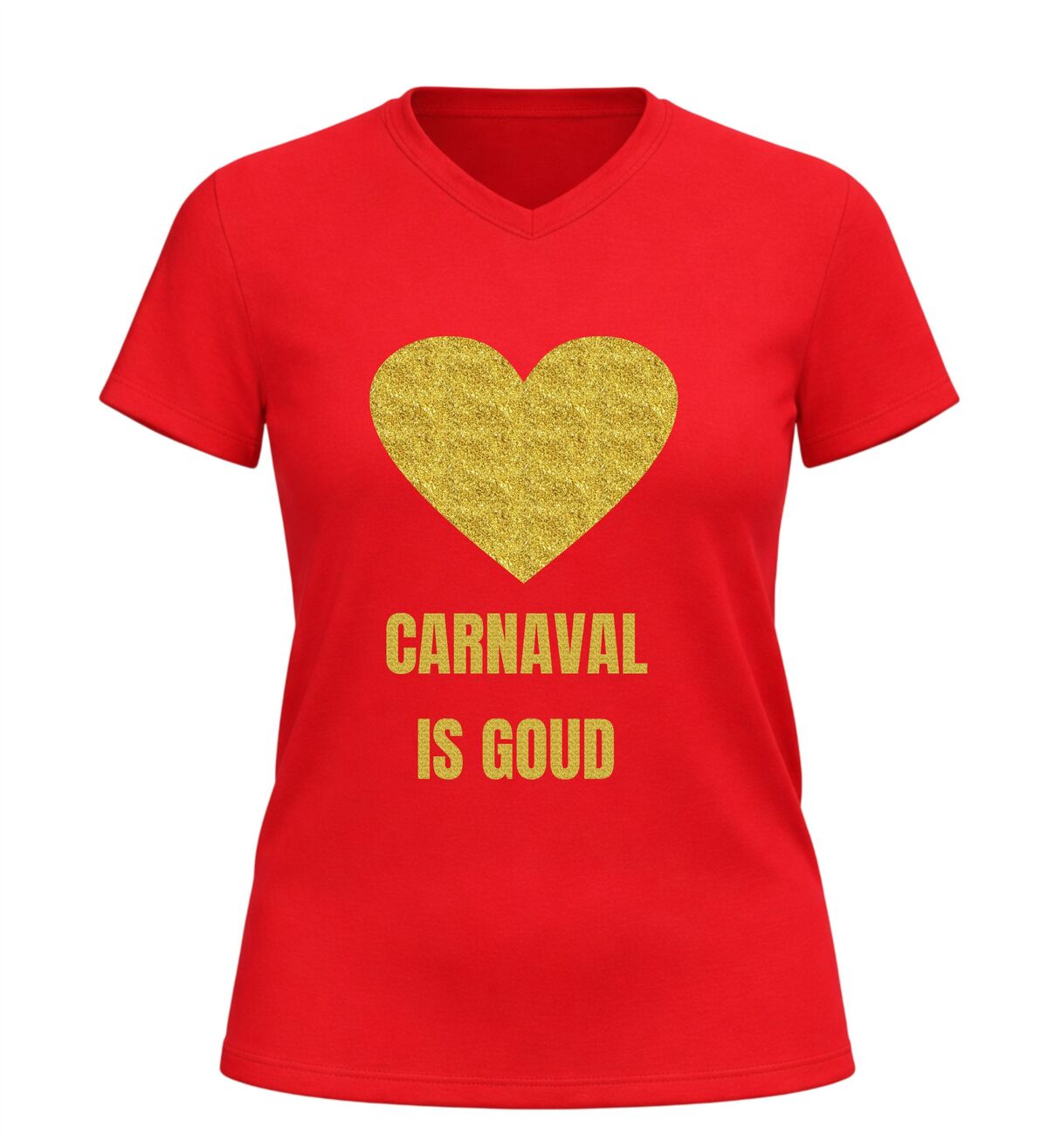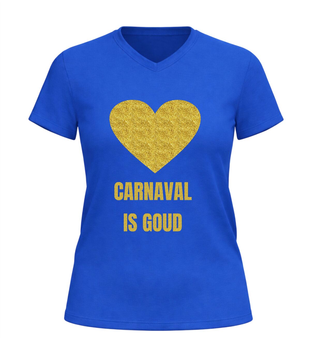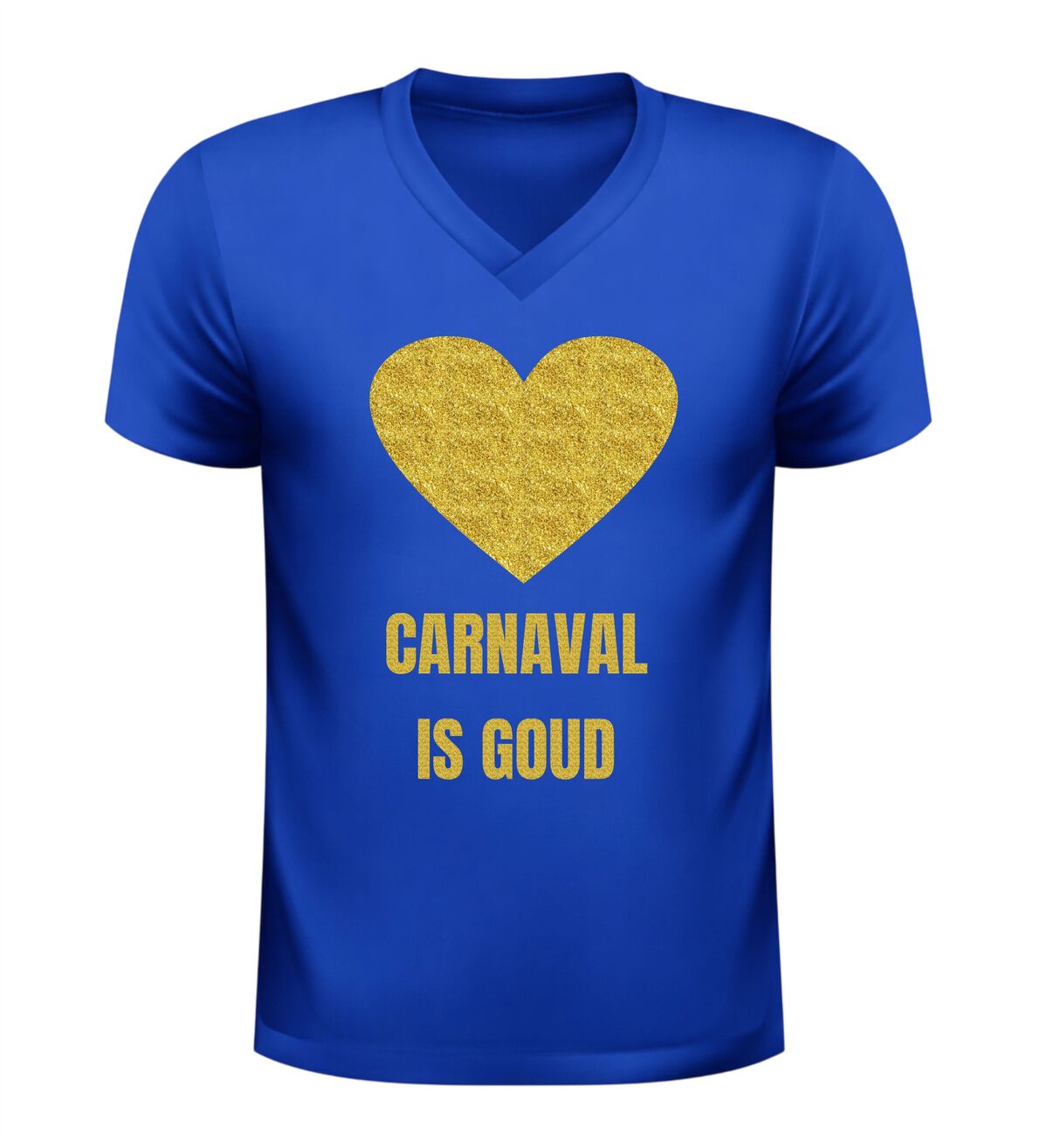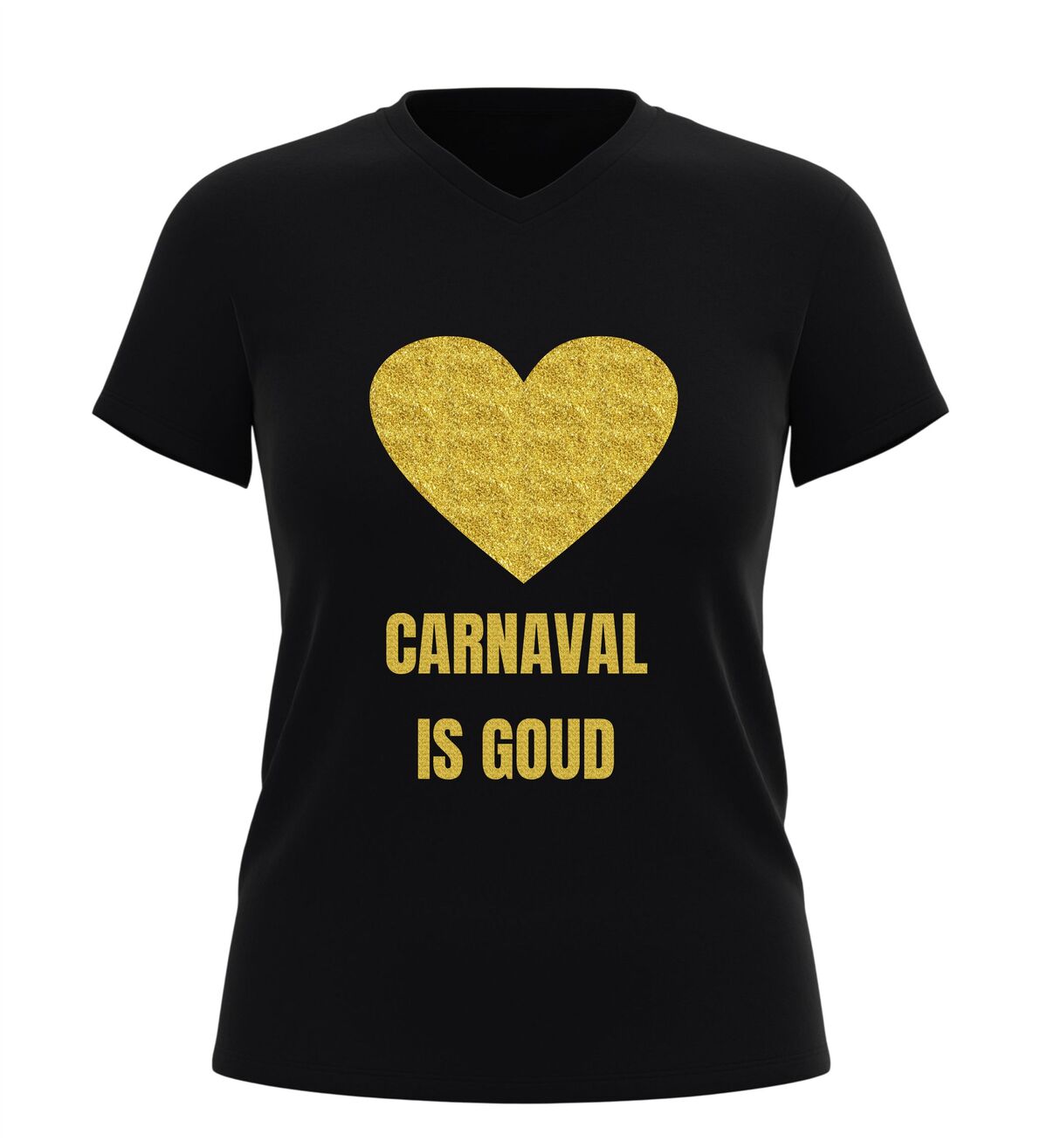 Dit V-hals shirt voor dames en heren met de tekst “Carnaval is goud” en een hartje is hét perfecte shirt voor iedereen die tijdens carnaval wil stralen. Carnaval is het moment om te schitteren, op te vallen en plezier te maken, en dat doe je moeiteloos met deze opvallende gouden glitter bedrukking. De combinatie van carnaval en een gouden glitter bedrukking zorgt direct voor een feestelijke uitstraling die perfect past bij de sfeer van carnaval. Zodra je dit shirt aantrekt, laat je zien dat carnaval voor jou draait om feest, trots en samen vieren.
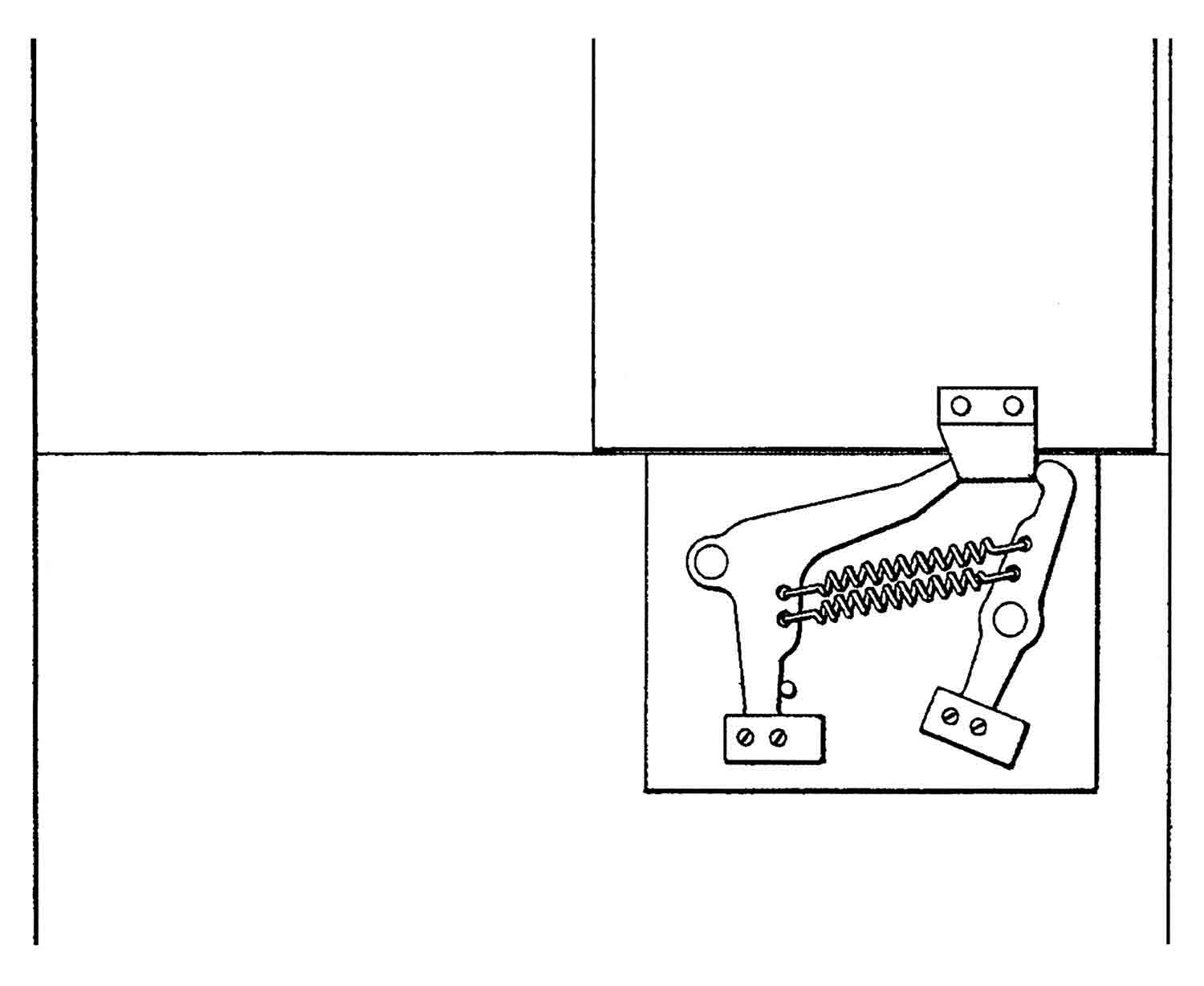 - Figure 1: Ritter door unlocking mechanism; drawing derived from image found in “Safety Device for Elevators,” U.S. Patent No. 838,213 (December 11, 1906).
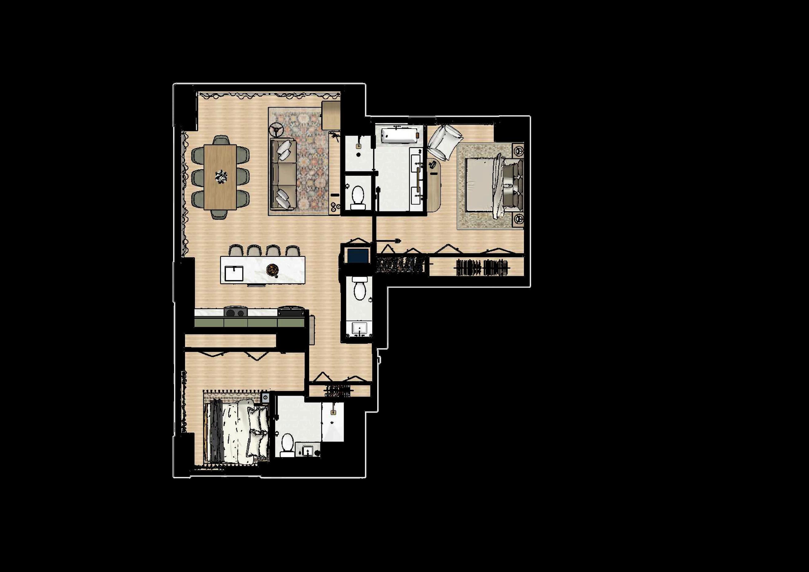 T h e h o t e l i s t h e a r e a w i t h t h e r e n d e r e d f l o o r i n g
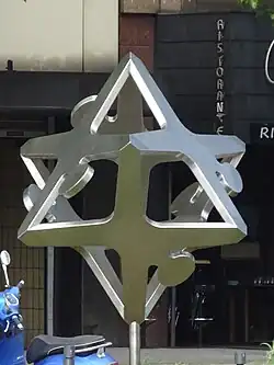 - ↑ Westdeutsche Zeitung: Stadt-teilchen Der Künstler schuf die Symbolfigur für das Projekt Radschläger-Kunst und viele andere Objekte. 3. März 2017, abgerufen am 14. April 2022.
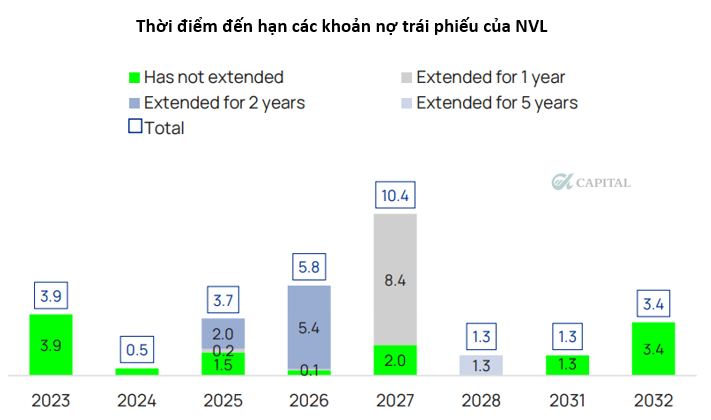 - Trong các tháng cuối năm, NVL có 1,500 tỷ VND trái phiếu đến hạn, trong khi đó, đối với các khoản nợ tái cơ cấu phần lớn đã được chuyển qua sau năm 2028 (năm 2027 – 2028 sẽ là giai đoạn căng thẳng nhất đối với phần trái phiếu của NVL)
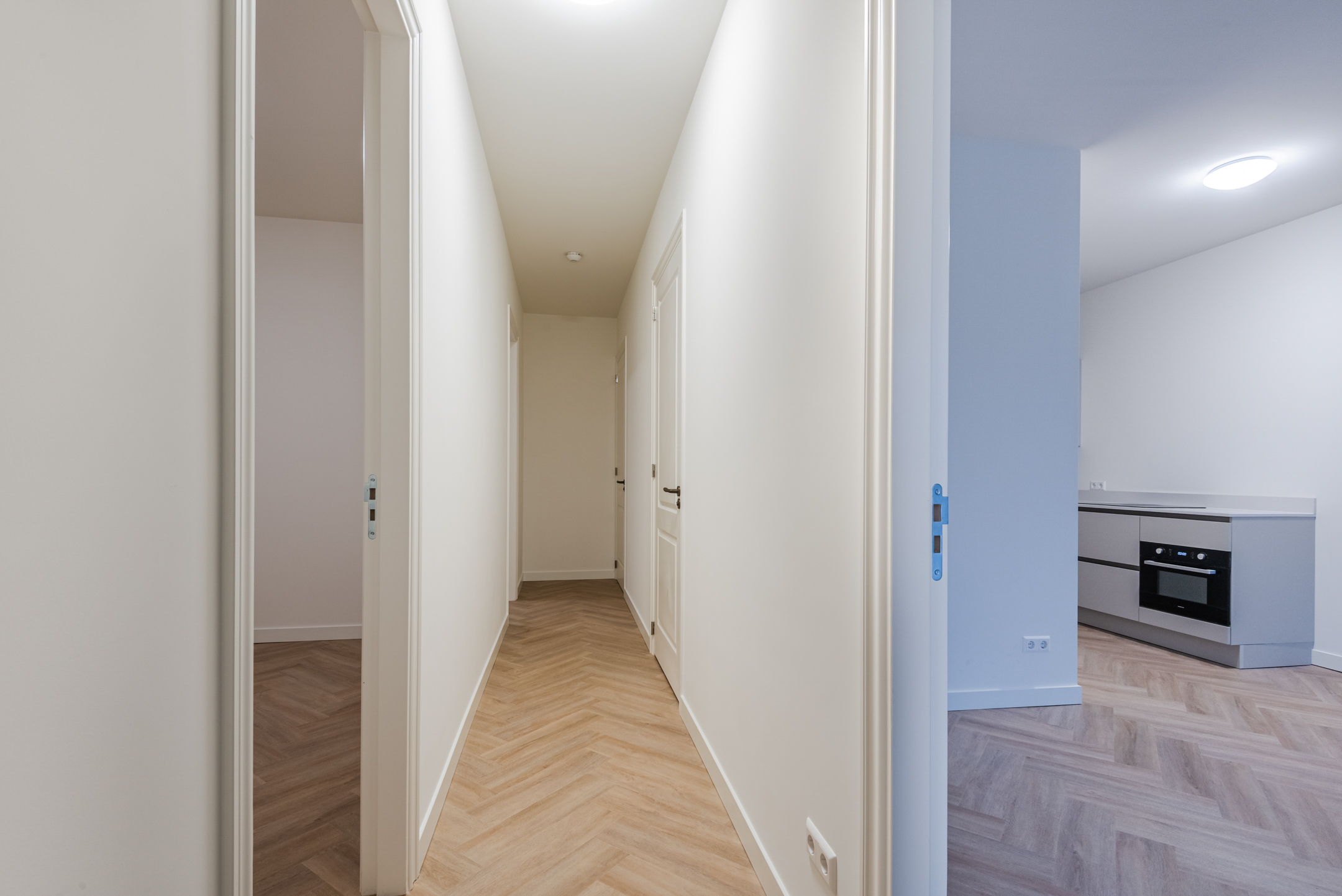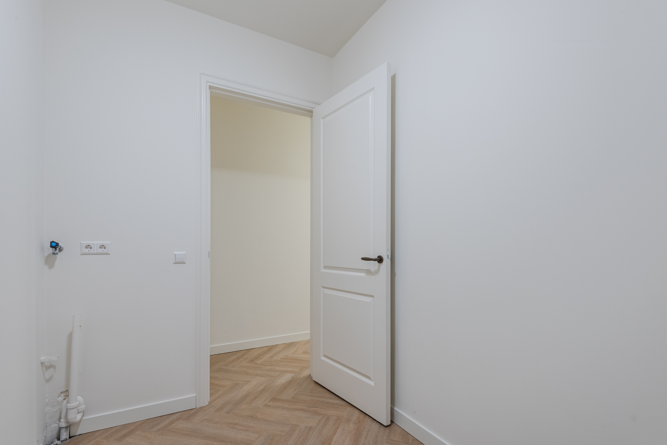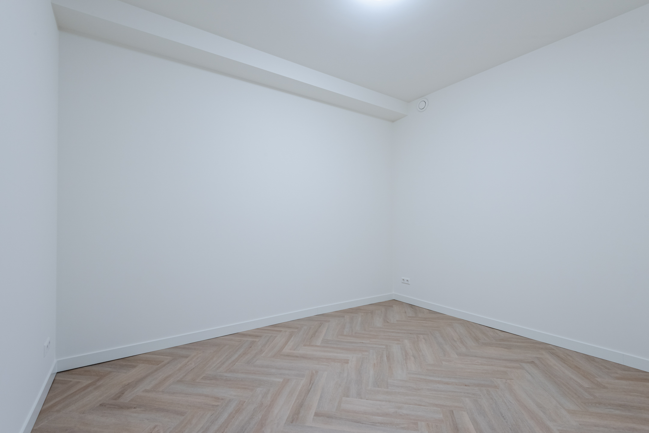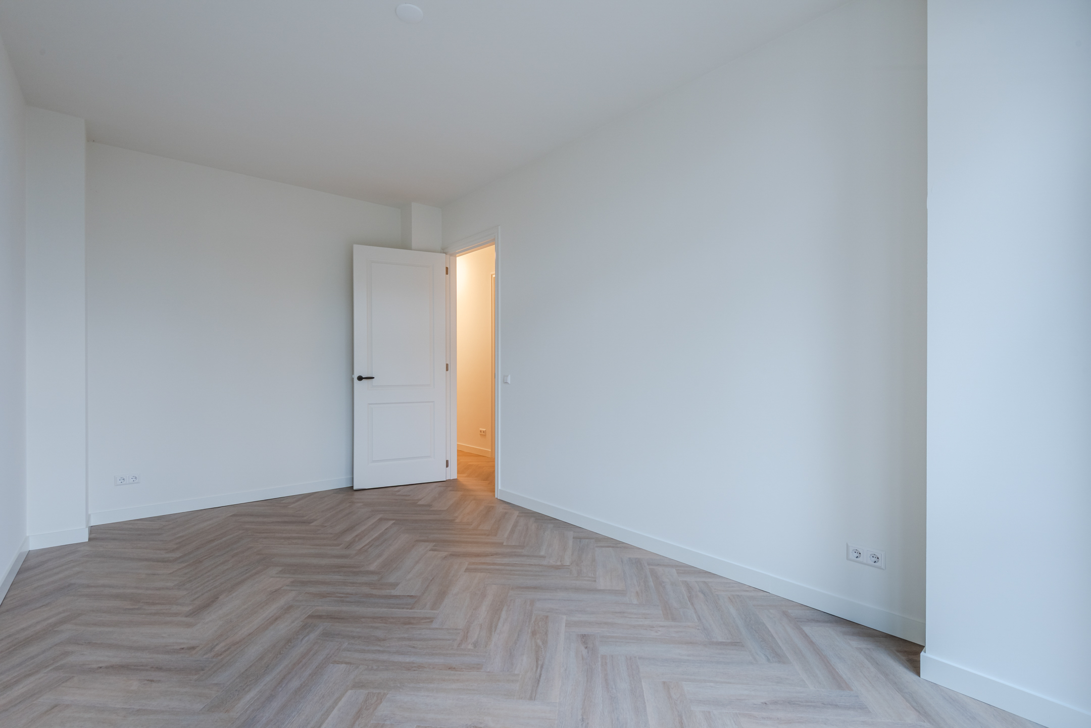 Het appartement beschikt over 1 slaapkamer van een goed formaat met grote raampartijen, zeer ruime berging, een aparte wasruimte, luxe badkamer met wastafel met meubel, verlichte spiegel en een inloopregendouche en het separate (gasten)toilet met fonteintje.

**WORK ITEM:**
From the line containing "- Trong các" through the final line of the listing, copy every line exactly and nothing else. Skip the pictures.

**RESPONSE AREA:**
 - Trong các tháng cuối năm, NVL có 1,500 tỷ VND trái phiếu đến hạn, trong khi đó, đối với các khoản nợ tái cơ cấu phần lớn đã được chuyển qua sau năm 2028 (năm 2027 – 2028 sẽ là giai đoạn căng thẳng nhất đối với phần trái phiếu của NVL)
 Het appartement beschikt over 1 slaapkamer van een goed formaat met grote raampartijen, zeer ruime berging, een aparte wasruimte, luxe badkamer met wastafel met meubel, verlichte spiegel en een inloopregendouche en het separate (gasten)toilet met fonteintje.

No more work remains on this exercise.